[RECORD EXCERPTS]:
☆ ☆ ☆ ☆ ☆
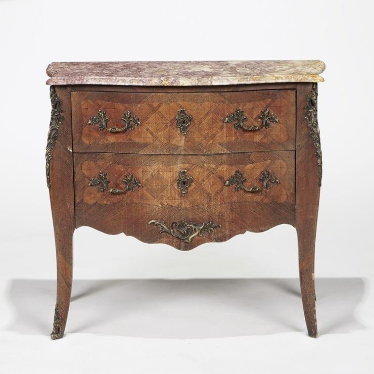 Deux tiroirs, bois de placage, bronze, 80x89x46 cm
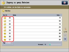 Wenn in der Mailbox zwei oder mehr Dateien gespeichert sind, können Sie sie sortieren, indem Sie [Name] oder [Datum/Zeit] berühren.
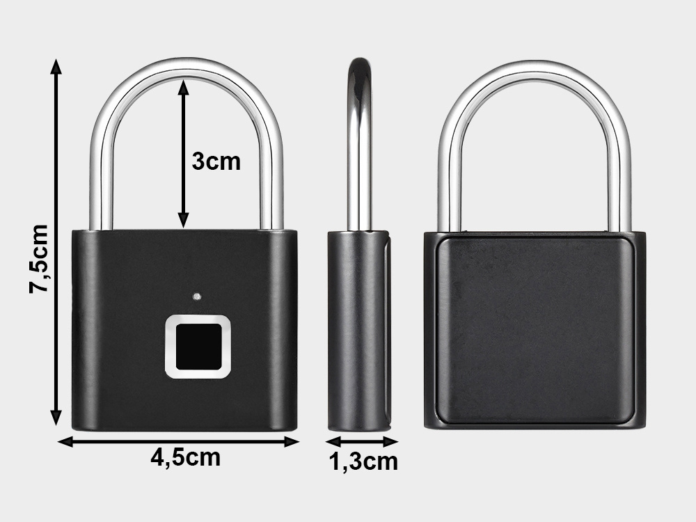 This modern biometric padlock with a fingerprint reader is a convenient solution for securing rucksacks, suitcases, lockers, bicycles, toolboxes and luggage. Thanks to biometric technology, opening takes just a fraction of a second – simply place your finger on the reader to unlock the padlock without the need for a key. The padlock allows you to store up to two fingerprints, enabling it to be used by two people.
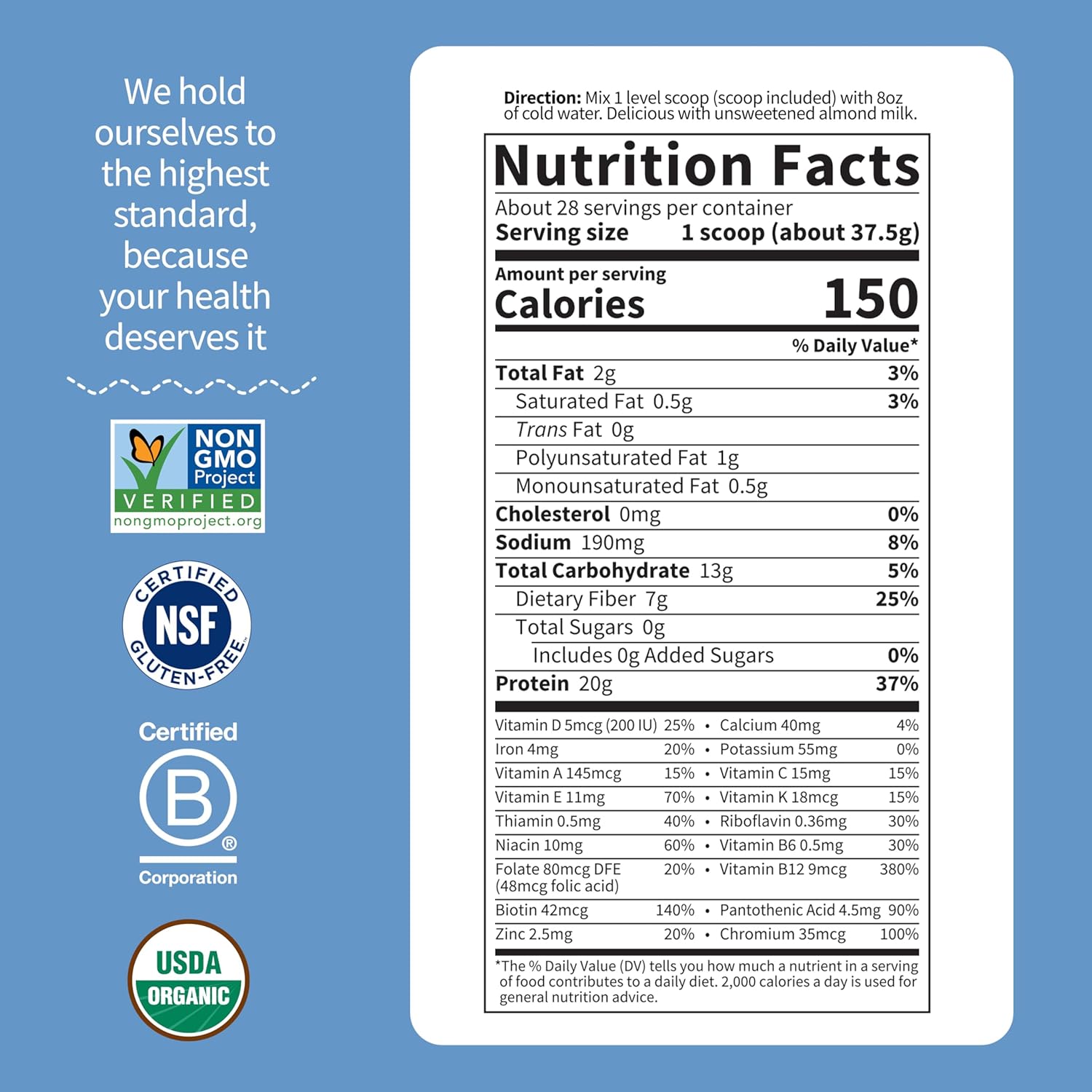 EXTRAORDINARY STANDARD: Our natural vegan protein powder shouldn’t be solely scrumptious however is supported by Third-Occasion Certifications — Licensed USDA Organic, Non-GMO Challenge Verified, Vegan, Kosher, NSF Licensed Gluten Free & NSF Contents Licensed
☆ ☆ ☆ ☆ ☆
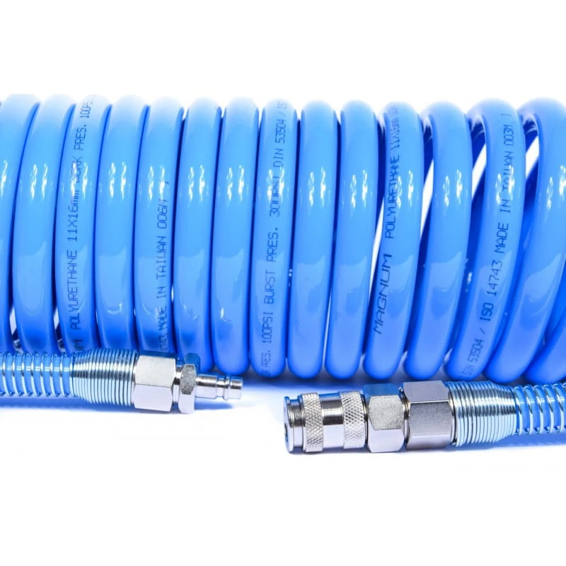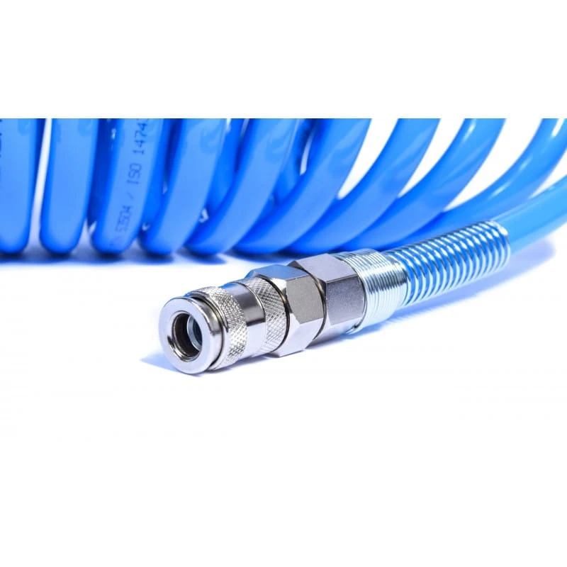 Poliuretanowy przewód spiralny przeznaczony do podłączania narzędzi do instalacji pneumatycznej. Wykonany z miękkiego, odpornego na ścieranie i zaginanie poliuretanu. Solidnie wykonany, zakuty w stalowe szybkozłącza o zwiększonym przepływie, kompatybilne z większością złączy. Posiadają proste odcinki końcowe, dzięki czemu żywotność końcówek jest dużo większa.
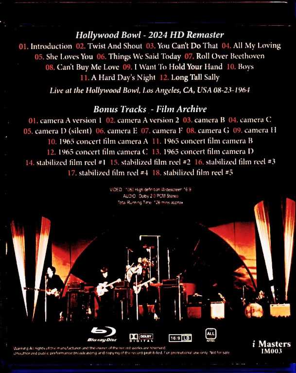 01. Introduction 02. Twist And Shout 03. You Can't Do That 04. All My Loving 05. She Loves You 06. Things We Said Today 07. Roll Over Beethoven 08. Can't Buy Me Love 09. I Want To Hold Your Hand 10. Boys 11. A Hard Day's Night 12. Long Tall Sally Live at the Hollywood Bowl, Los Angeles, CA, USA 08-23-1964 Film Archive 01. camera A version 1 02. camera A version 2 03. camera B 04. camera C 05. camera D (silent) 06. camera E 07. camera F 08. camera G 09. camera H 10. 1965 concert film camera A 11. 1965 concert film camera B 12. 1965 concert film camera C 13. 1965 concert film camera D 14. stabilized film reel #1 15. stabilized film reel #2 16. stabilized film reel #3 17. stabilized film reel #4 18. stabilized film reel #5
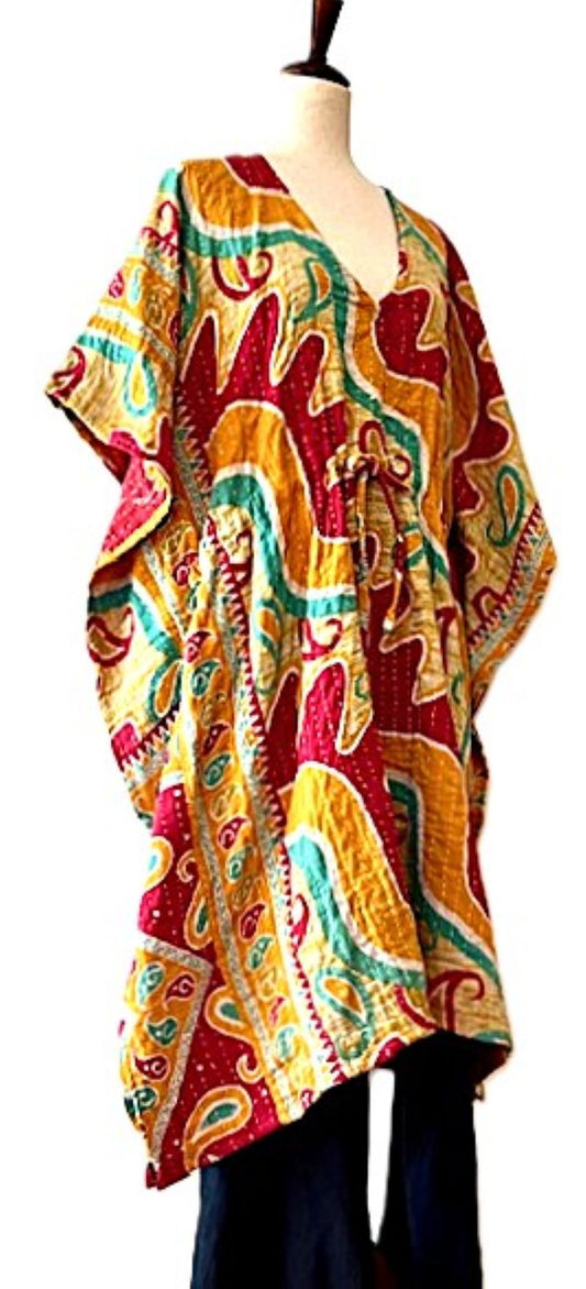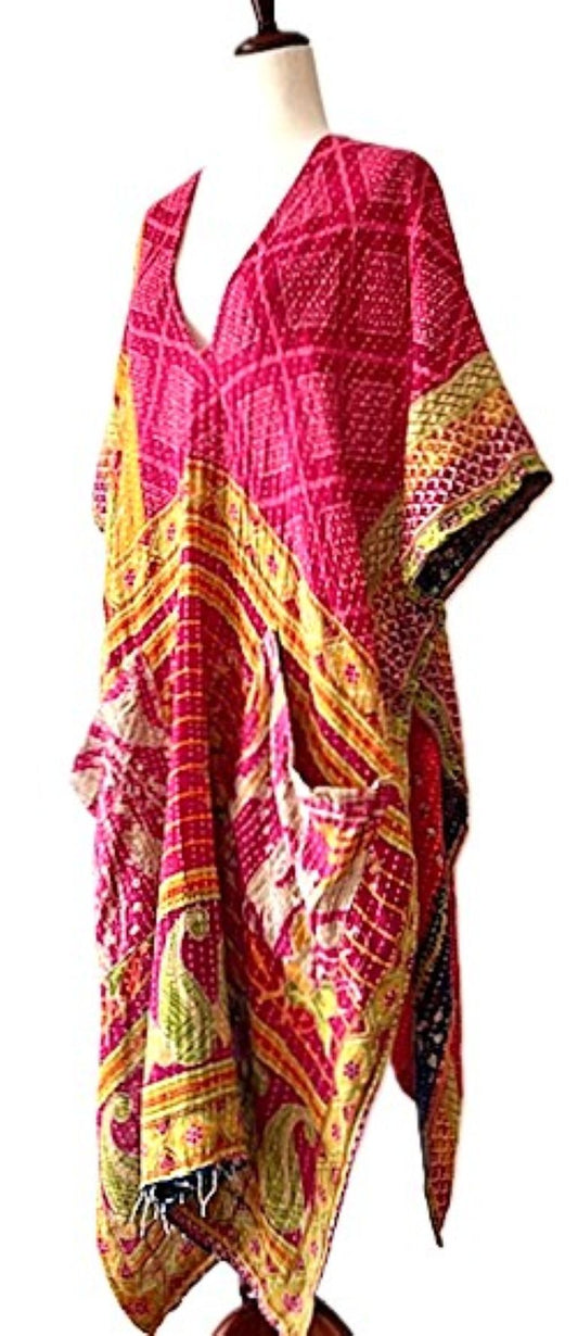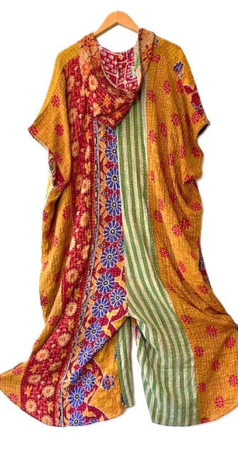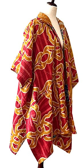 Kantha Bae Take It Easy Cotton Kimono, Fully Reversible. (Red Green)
☆ ☆ ☆ ☆ ☆
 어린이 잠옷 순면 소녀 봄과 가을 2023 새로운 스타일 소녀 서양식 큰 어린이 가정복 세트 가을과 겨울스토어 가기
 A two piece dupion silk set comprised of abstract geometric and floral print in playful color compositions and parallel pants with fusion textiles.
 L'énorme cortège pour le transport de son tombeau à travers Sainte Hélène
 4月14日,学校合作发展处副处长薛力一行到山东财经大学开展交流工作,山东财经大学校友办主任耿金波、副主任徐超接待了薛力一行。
☆ ☆ ☆ ☆ ☆
[PROMPT]: Print an exact copy of the lines above, from the one containing "Deux tiroirs, bois" through the one containing "EXTRAORDINARY STANDARD: Our", and leave out the pictures.

[EXERCISE OUTPUT]:
 Deux tiroirs, bois de placage, bronze, 80x89x46 cm
 Wenn in der Mailbox zwei oder mehr Dateien gespeichert sind, können Sie sie sortieren, indem Sie [Name] oder [Datum/Zeit] berühren.
 This modern biometric padlock with a fingerprint reader is a convenient solution for securing rucksacks, suitcases, lockers, bicycles, toolboxes and luggage. Thanks to biometric technology, opening takes just a fraction of a second – simply place your finger on the reader to unlock the padlock without the need for a key. The padlock allows you to store up to two fingerprints, enabling it to be used by two people.
 EXTRAORDINARY STANDARD: Our natural vegan protein powder shouldn’t be solely scrumptious however is supported by Third-Occasion Certifications — Licensed USDA Organic, Non-GMO Challenge Verified, Vegan, Kosher, NSF Licensed Gluten Free & NSF Contents Licensed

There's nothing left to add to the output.